**Extracted information:**
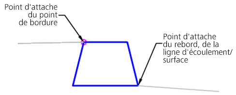 | Point d'attache | Spécifie l'emplacement du point d'attache de la bordure. | Rebord/PointBordure/Surface de la ligne d'écoulement |
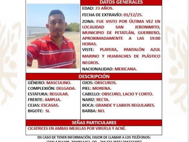 Buscan a joven desaparecido en Petatlán desde el 1 de diciembre
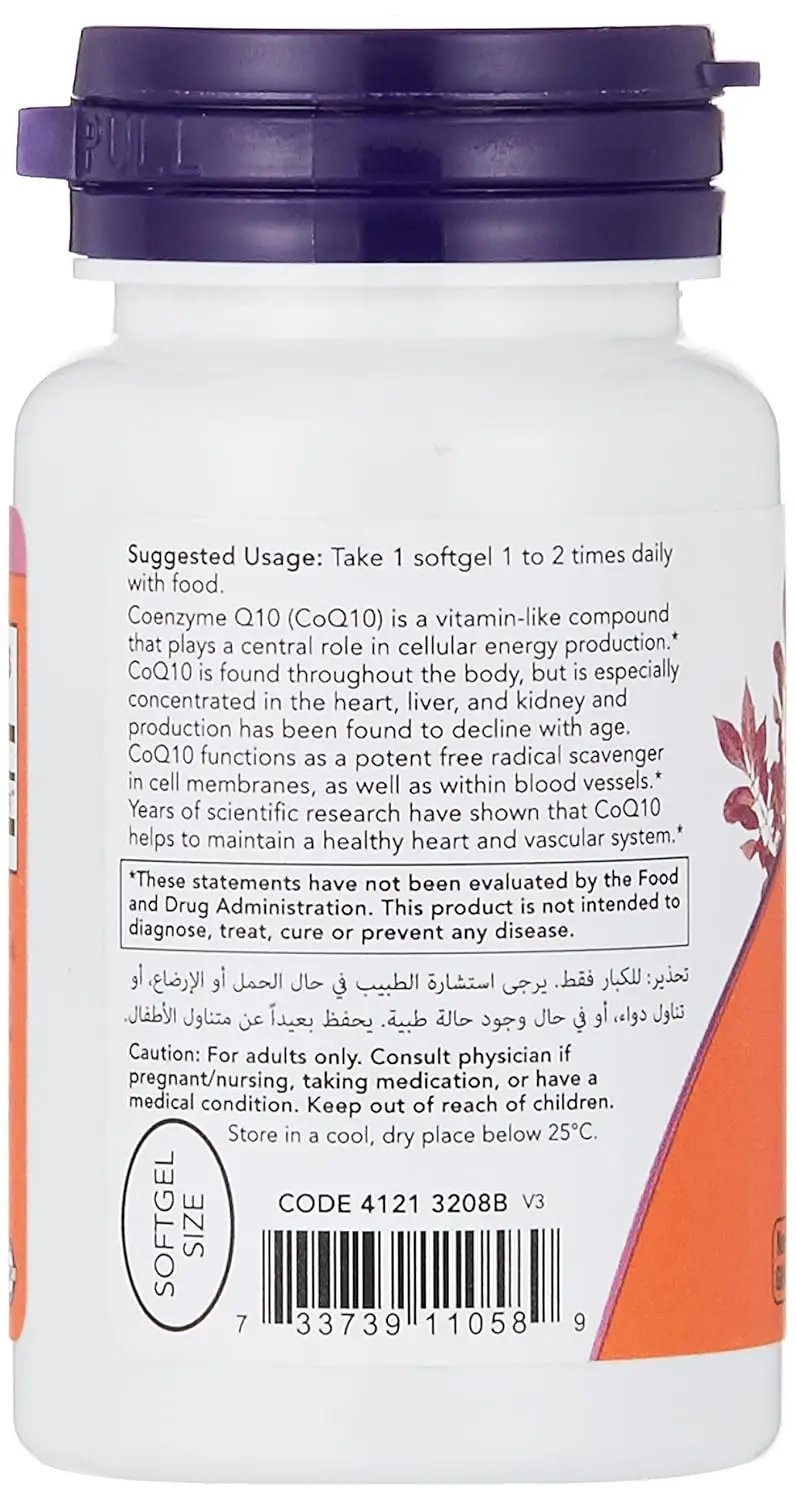 Support your heart health and boost your energy levels with Now Foods CoQ10 100mg. This essential nutrient plays a vital role in cellular energy production, acting as a powerhouse for your cells. CoQ10 is also a potent antioxidant, scavenging free radicals and protecting cell membranes from damage. This formula is further fortified with Vitamin E, providing additional antioxidant support and working synergistically with CoQ10 to promote overall well-being. Now Foods CoQ10 is a convenient and effective way to supplement your diet and ensure your body has the CoQ10 it needs to function optimally. Maintaining healthy CoQ10 levels is especially important as we age, as natural production tends to decline. Support your body’s natural defenses and fuel your energy with Now Foods CoQ10. This supplement supports a healthy heart muscle. The powerful antioxidant properties of CoQ10 safeguard cell membranes, contributing to overall cellular health and resilience. Vitamin E further enhances this antioxidant protection, creating a comprehensive defense against free radical damage. Experience the benefits of increased energy and enhanced heart health with Now Foods CoQ10 100mg. Give your body the support it deserves!
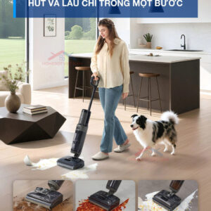 Ngoài ra, tay cầm tích hợp nút điều khiển thông minh, cho phép bạn khởi động và điều chỉnh chức năng nhanh chóng chỉ bằng một thao tác. Thiết kế xoay linh hoạt 45 độ cùng bánh xe trợ lực giúp máy di chuyển mượt mà, giảm áp lực lên tay khi sử dụng. Nhờ vào thiết kế nhẹ và không dây, bạn có thể dễ dàng mang máy đi khắp nhà, kể cả di chuyển lên xuống cầu thang một cách thuận tiện và thoải mái.
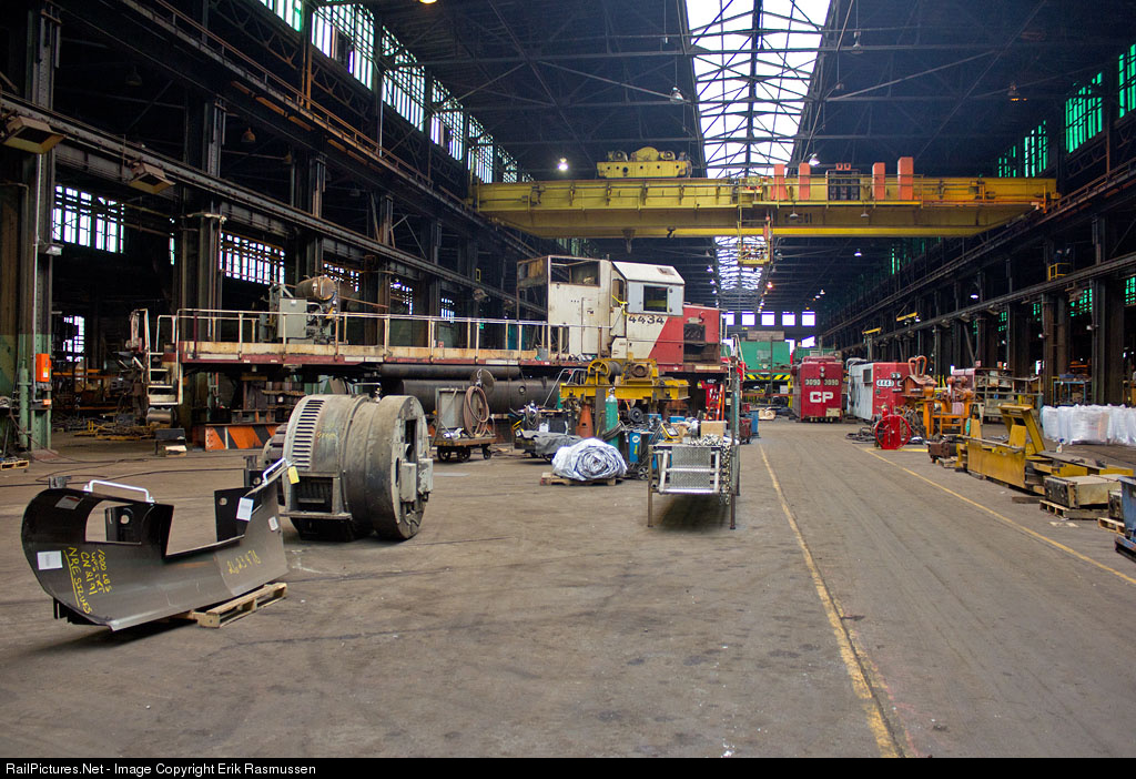 While visiting NRE in Silvis to inspect Eldon, IA's GP7 purchase, we were allowed to tour the entire ex-Rock Island complex with an escort and proper PPE. There were several SOO GP38's in for rebuild/repaint. SOO 4434 was off it's trucks and receiving extra frame work in the former erecting floor area.
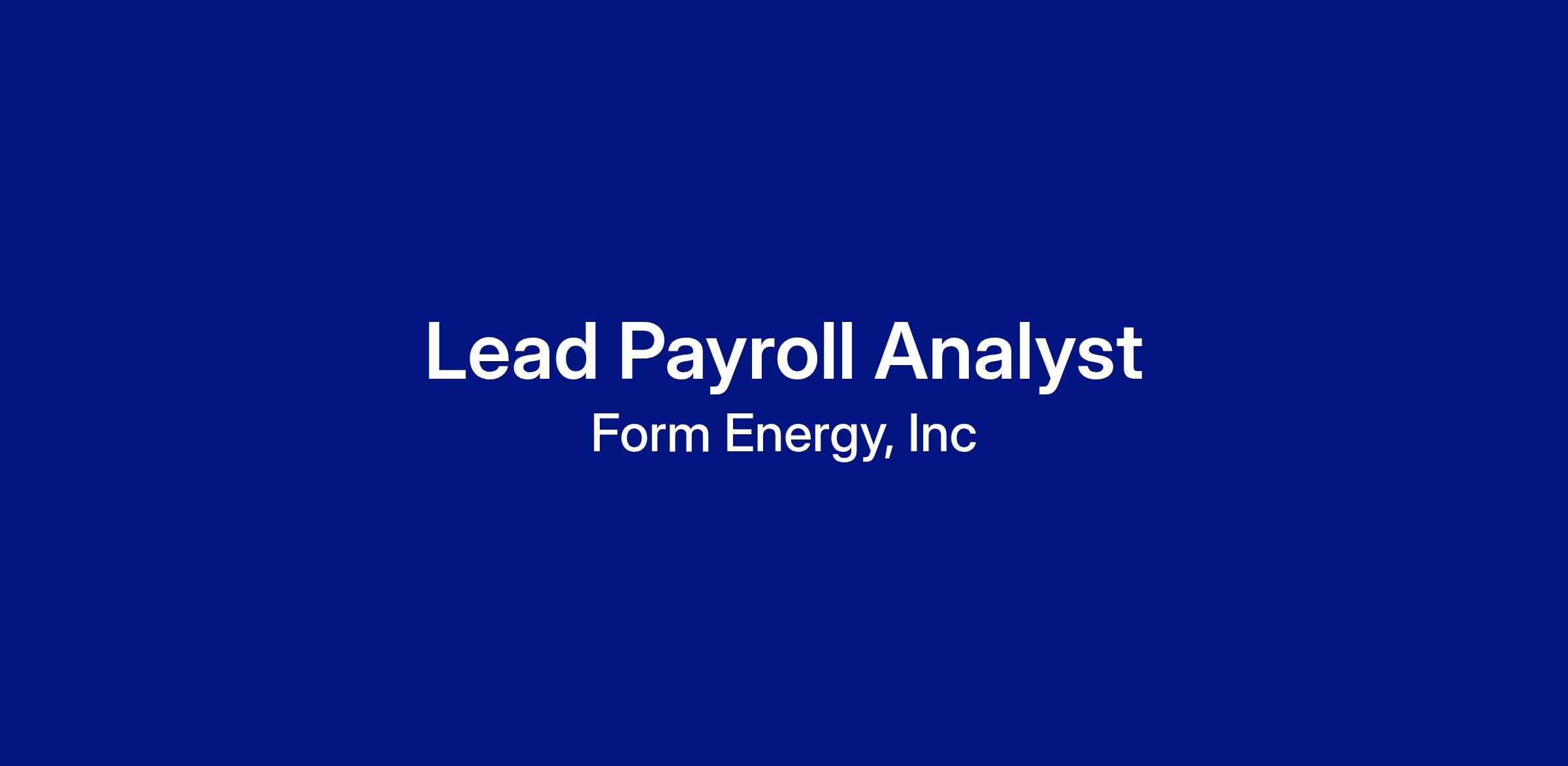 Form Energy is hiring a Lead Payroll Analyst to support our Payroll Team with system optimization, strategic reporting, data analysis and audits, while providing backup support for payroll processing and lifecycle events. This role reports into our Manager, People Operations on the HR Systems & Benefits team, and partners with other Payroll and Systems Specialists to increase efficiency, identify and reduce roadblocks, and automate employee lifecycle activities.
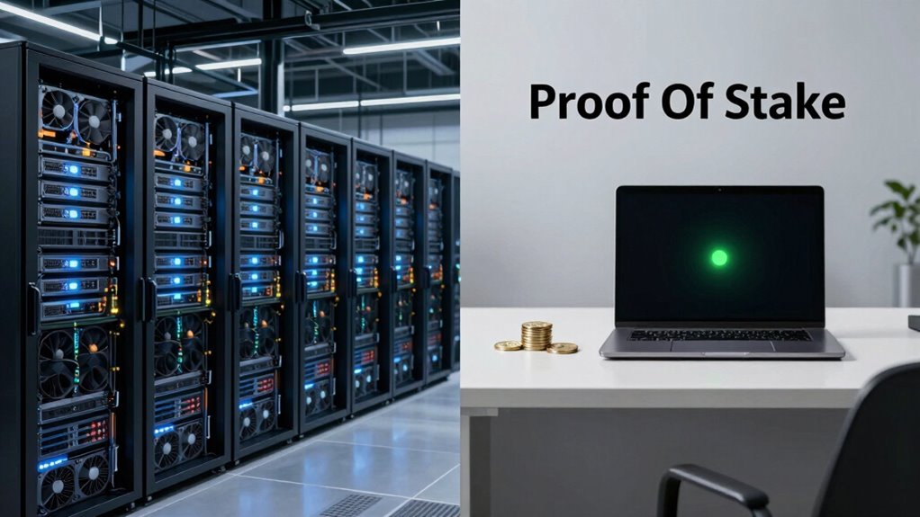 Imagine a city where miners and stakers are the builders shaping its future. Proof of Work’s high energy costs may foster stability through strong economic incentives, but could hinder widespread adoption. Proof of Stake encourages inclusivity, reducing costs and promoting cryptocurrency stability long-term. While PoW might secure legacy assets, PoS’s scalability could lead to more dynamic economies. Your choice influences the network’s resilience, growth, and economic sustainability over time.

**Instructions to follow:** The expected output is the exact run of lines from the first line of the material above through the line that contains "Buscan a joven", minus any pictures.

**Result of this exercise:**
 | Point d'attache | Spécifie l'emplacement du point d'attache de la bordure. | Rebord/PointBordure/Surface de la ligne d'écoulement |
 Buscan a joven desaparecido en Petatlán desde el 1 de diciembre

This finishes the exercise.